Softened Membrane Torsional Model for GFRP–Reinforced Concrete Bridge Box Girders
Publication: Journal of Bridge Engineering
Volume 29, Issue 3
Abstract
This study investigates the experimental and analytical torsional behavior of reinforced concrete (RC) bridge box girders reinforced with glass fiber–reinforced polymer (GFRP) bars and continuous spiral stirrups, representing a first in literature. Reinforced concrete box girders were constructed and examined until failure to assess the influence of the spiral pitch and web reinforcement configuration on torsional behavior and strength. The test specimens had continuous GFRP spirals and tie stirrups; the control specimen did not have web reinforcement. The specimens were 4,000 mm long, 380 mm wide, and 380 mm high, and had a wall thickness of 100 mm. The test results demonstrate that the box girder with spiral GFRP reinforcement achieved higher torsional strength and lower twist than its counterpart specimen reinforced with individual GFRP tie stirrups by approximately 6% and 11%, respectively.
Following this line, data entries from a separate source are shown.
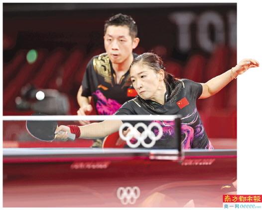 7月25日,在东京奥运会乒乓球混双半决赛中,中国组合许昕/刘诗雯(前)以4比0战胜法国组合莱贝松/袁嘉楠,晋级决赛。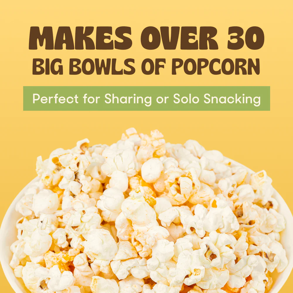 One jar makes over 30 big bowls of popcorn. Use it with your Popsmith Popper and our premium kernels for the tastiest results!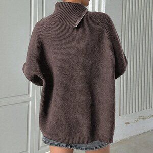 This casual cardigan sweater features a convenient zipper front and a loose, comfortable fit. It has an asymmetrical neck and extra-long sleeves, making it perfect for late fall weather. The plain design ensures a versatile look, while the brown color adds a warm touch.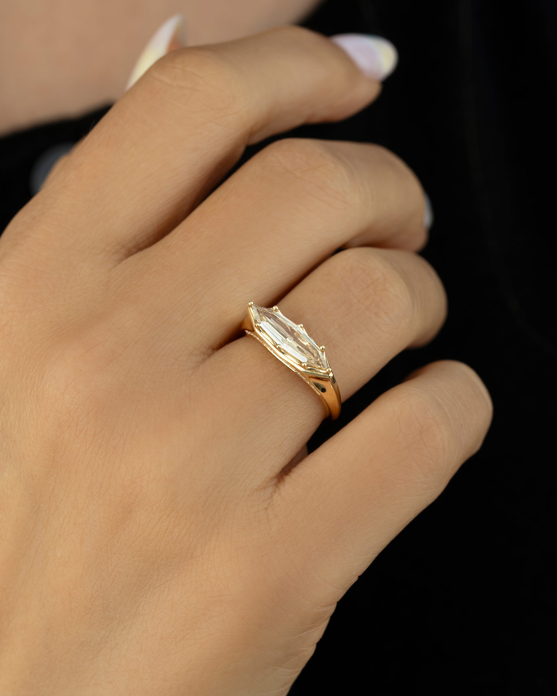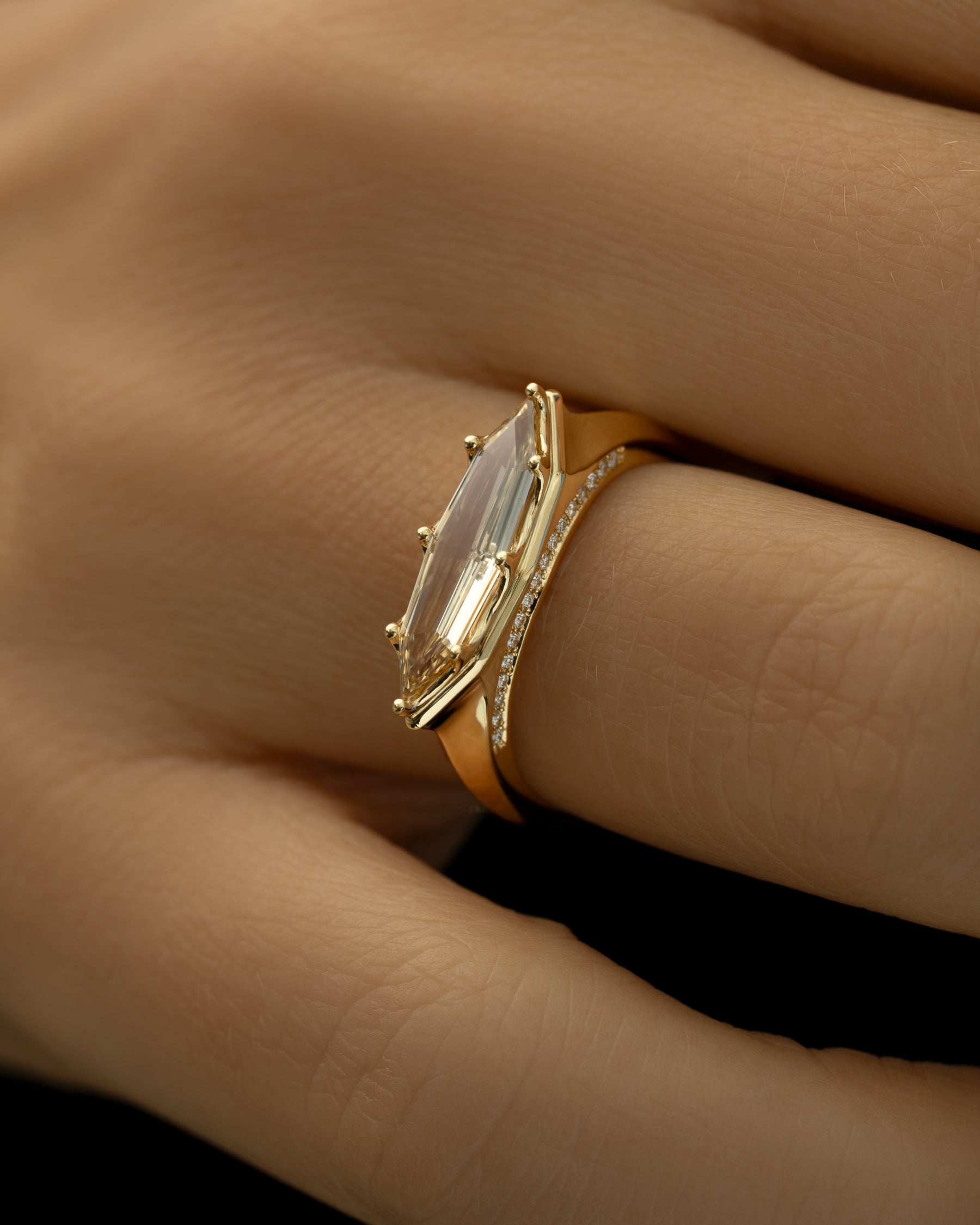 18K gold | Modified marquise step-cut diamond | Brilliant cut diamonds
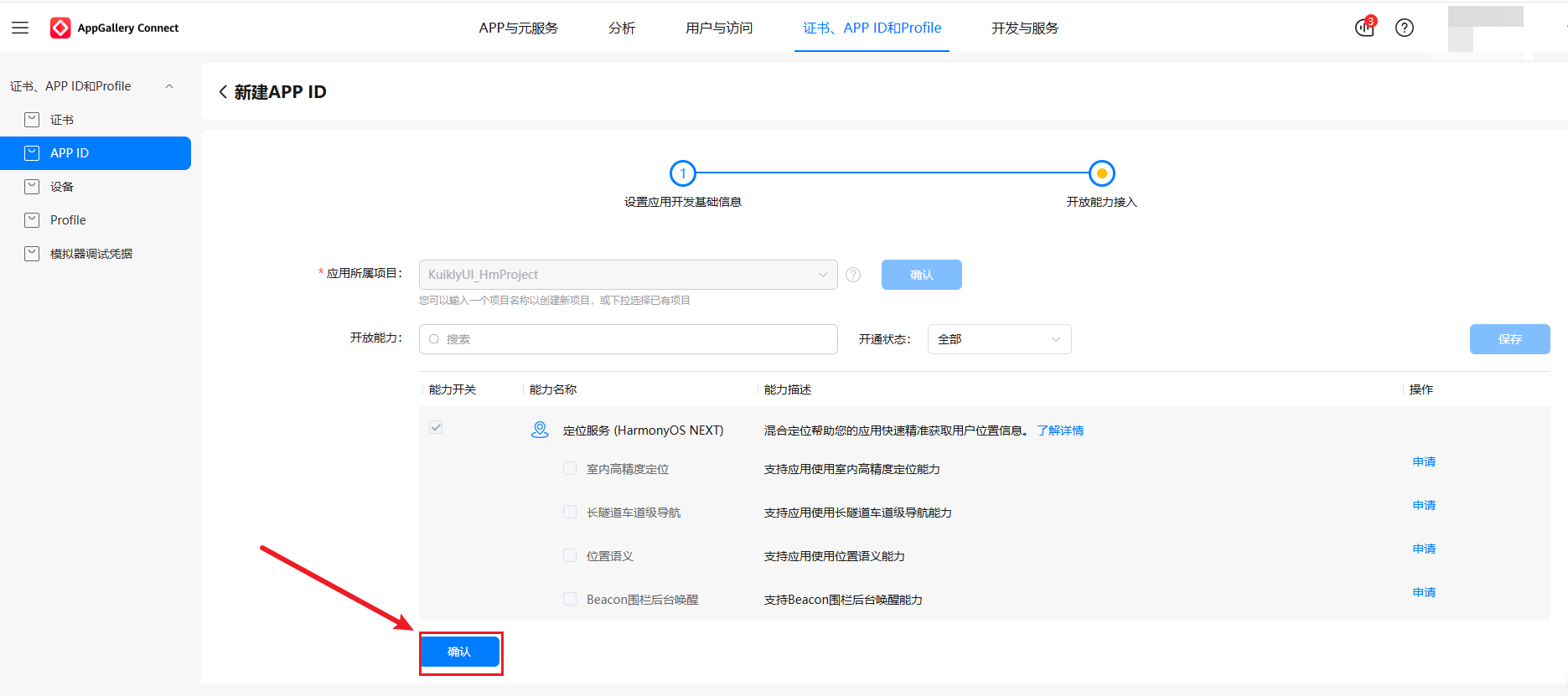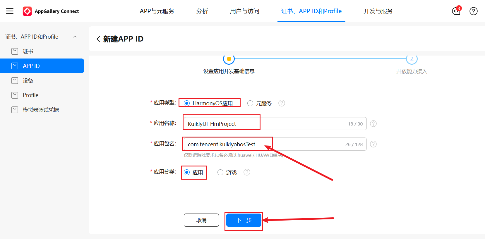应用,点击下一步→确认,完成 APP ID 创建。

The specimen with a narrow spiral pitch performed better than the specimens with a wide spiral pitch. An analytical iterative softened membrane model for torsion (SMMT) was used to estimate the entire torsional behavior of box girders with spiral GFRP reinforcement. The analytical results were compared with the experimental results of four bridge box girders with spiral GFRP reinforcement to validate the model's accuracy. The comparison indicates that the model could reasonably predict the cracking and ultimate torsional strength as well as the associated twists.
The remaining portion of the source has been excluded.